▶ _WORK ORDER_
Could you reproduce, word for word, everything below from the line containing "The men’s majlis" down to the line containing "Les enfants, les", with both of those lines included and no others?

▶ _INPUT RECORDS_

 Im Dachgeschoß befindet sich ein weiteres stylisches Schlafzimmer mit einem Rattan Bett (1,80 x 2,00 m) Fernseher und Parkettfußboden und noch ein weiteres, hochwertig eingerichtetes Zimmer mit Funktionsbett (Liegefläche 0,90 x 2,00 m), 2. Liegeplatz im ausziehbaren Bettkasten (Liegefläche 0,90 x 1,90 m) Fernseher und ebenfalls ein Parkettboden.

==

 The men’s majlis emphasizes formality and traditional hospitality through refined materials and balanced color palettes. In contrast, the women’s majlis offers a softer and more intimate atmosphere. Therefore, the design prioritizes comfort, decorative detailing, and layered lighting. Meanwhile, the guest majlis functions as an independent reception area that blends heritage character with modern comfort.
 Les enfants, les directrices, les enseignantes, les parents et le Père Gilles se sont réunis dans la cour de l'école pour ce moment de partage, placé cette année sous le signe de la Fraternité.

▶ _ANSWER FOR THE TASK_
 The men’s majlis emphasizes formality and traditional hospitality through refined materials and balanced color palettes. In contrast, the women’s majlis offers a softer and more intimate atmosphere. Therefore, the design prioritizes comfort, decorative detailing, and layered lighting. Meanwhile, the guest majlis functions as an independent reception area that blends heritage character with modern comfort.
 Les enfants, les directrices, les enseignantes, les parents et le Père Gilles se sont réunis dans la cour de l'école pour ce moment de partage, placé cette année sous le signe de la Fraternité.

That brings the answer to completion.